For public labels, it is nice to standardize on a common vocabulary/set. Eg file/mime types for starters, or really any existing curated vocab. (Though that is limiting when applying a label, and requires UI for choosing, if not automated)
For private labels, it can and should be anything because the label has personal meaning. Though automated labels can be applied here also.
I think this has always been one of the biggest problems for RDF also… coming up with a meaningful shared vocabulary.
There are also privacy issues with sharing labels. As such, I think that labels/indexes should match the privacy level of the data being PUT.
I’ve noticed that some public tag clouds allow organic growth/addition of the tags, but only by people that have some reputation or performed some significant actions. Maybe relevant?
Still though, I worry about duplication of public labels that are identical in meaning but different in spelling, phrasing, language. Realistically, can an organically grown public RDF graph solve this over time by linking all the semantically identical duplicates together? Would such a graph be efficient enough to traverse in practice?
Do we want a walled garden or a wild thriving forest?
I have to say I hadn’t really considered labels in the public sense, myself. For me it was more about organising a user’s data for their own use (and apps).

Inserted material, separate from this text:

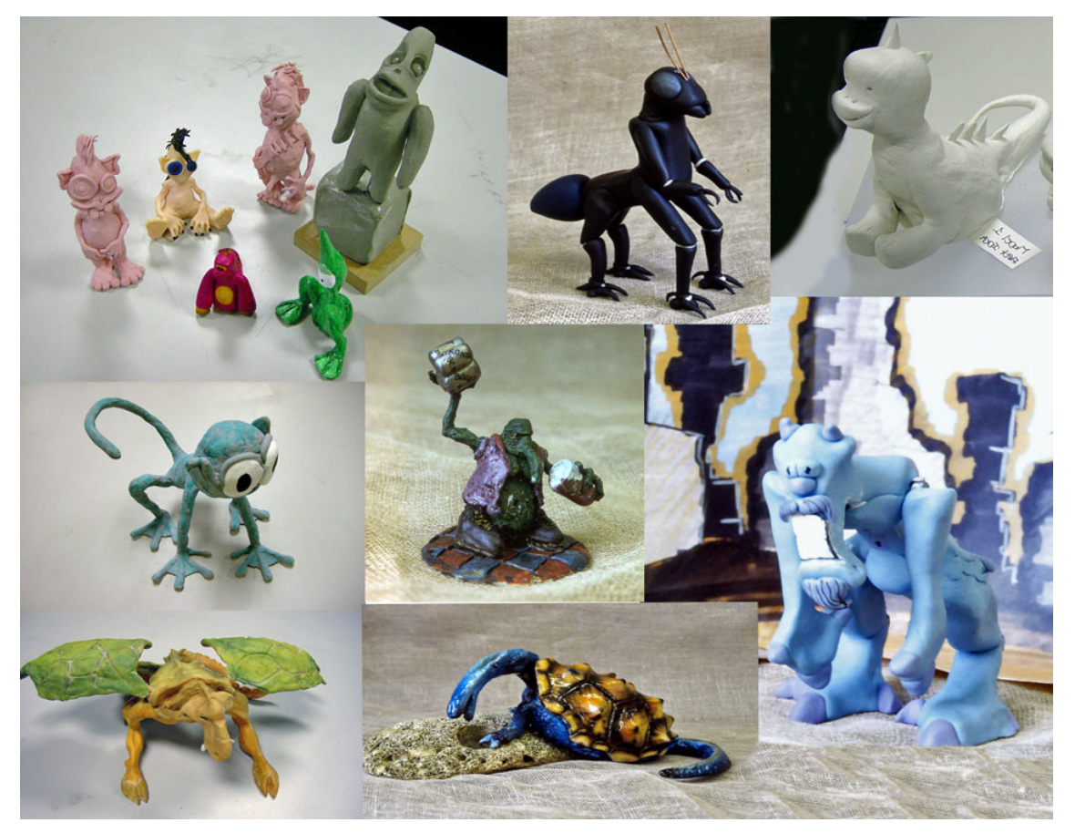
Figure 6: Design an animal. Creative thinking development

The challenge is to transfer this to the students. Although we need to start off by understanding what they get thrilled by and finding out how they tick, it is more fundamental that we reach their hearts and are alongside them as they develop their personal goals and visions. They need to be allowed to dream dreams, to develop their own ways of being. We need to get the students to reach their hearts with their design work and to have our hearts tugged by it. In some cases group visions and thinking will develop.

But yeh, it could be that you publish an index pointing to all your public data with a given label, with the label having RDF connotations (ideally).

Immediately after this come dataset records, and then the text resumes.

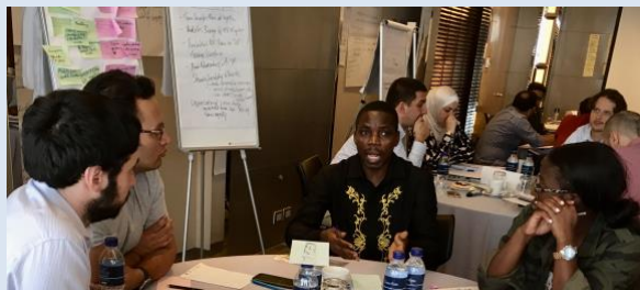
2017 Workshop participants discussing a case

"The cases were really informative, and choice and blend of cases was superb."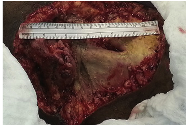
Figure 2. After second debridement.

Firstly, the patient did not possess the fetid odor that usually occurs as part of bacterial Fournier's gangrene. Secondly, the patient had what appeared to be an infarcted testicle intra-operatively,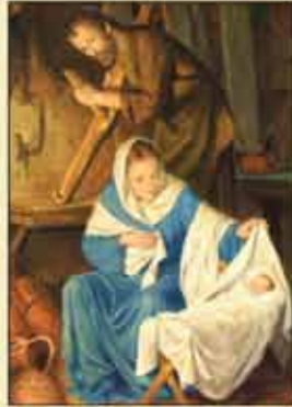
Holy Family #3010

Verse Inside: May your Christmas Day be filled with joy such as Mary and Joseph knew May the Christ Child bring you blessings to last you the whole year through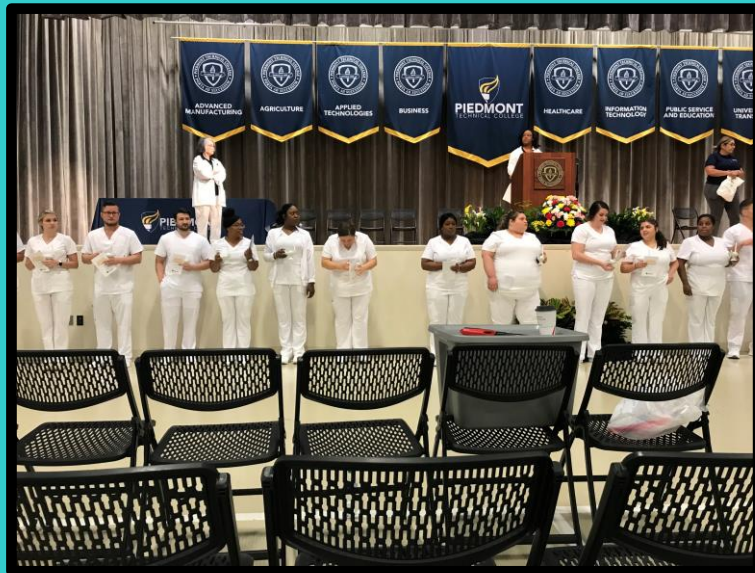
Pinning Practice - PTC ADN Graduates Reciting Nursing Creed

Indeed an index of published data is probably very useful, so such indexes for Public/Photos could be automagically maintained. And then it would be up to a user to publish them…

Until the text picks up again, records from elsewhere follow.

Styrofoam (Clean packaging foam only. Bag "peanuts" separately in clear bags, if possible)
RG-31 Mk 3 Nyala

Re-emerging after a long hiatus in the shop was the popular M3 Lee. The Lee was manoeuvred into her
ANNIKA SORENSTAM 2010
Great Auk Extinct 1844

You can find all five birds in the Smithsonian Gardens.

You are building a DATA layer. In MVC, the data is in the model layer, the app is the controller layer. They should not be coupled.
Obviously, it is far more flexible to tag resources with labels than to have at most one container for them.
But keep in mind that you need to solve the namespacing and access control issues. As far as I understand it, each container has its own namespace? So now each label would have its own namespace?
Why not just broaden the idea of a container to encompass what you want labels to do — ie to have an additional level of indirection:
Container … Mapping … Resource
And any app would have access to any container as long as the owners of the container allowed it?
This way the developers of the app wouldn’t automatically be the owners of the container. But there would be some more general interactions between Containers and Apps.
Then this whole thing becomes a bit like Domains, except since they’re not human-readable there are no politics about reserving container names.
I’m curious if these labels will be for (or maybe just initially) any data type or only for mutable data as the containers were to be implemented, for now at least?
I think it’d be really great to have it for any and all data types.
Say an app could help a user store some data in a particular way (using a combination of AppendOnlyData and ImmutableData) and on top of any default MIME type labels, the app could encourage the user to label or “hashtag” the data, and after upload then the app could display, organize, filter, query different labels from any users public data that has granted the app permission.
Could really extend the Patter example app’s functionality if that gets revisited at some point.
Is this part of the idea? I think I understand the concept behind the initial example. Something like multiple photo apps could have access to photos with certain labels rather than just plain access to ALL of your photos. I’m just not sure how far this goes or if I’m just dreaming things up
Instead of Jams using its own container to store music, and other apps needing to know jams exists to then go and grab the user’s music, you just label ‘music’, and anything can ask for permission to see this index/access to ‘music’ files.
Couldn’t ‘public’, ‘private’, and ‘secret’ just be labels for mutable, immutable, and appendable data types then? Would this make the code a lot more streamlined or easier to work with?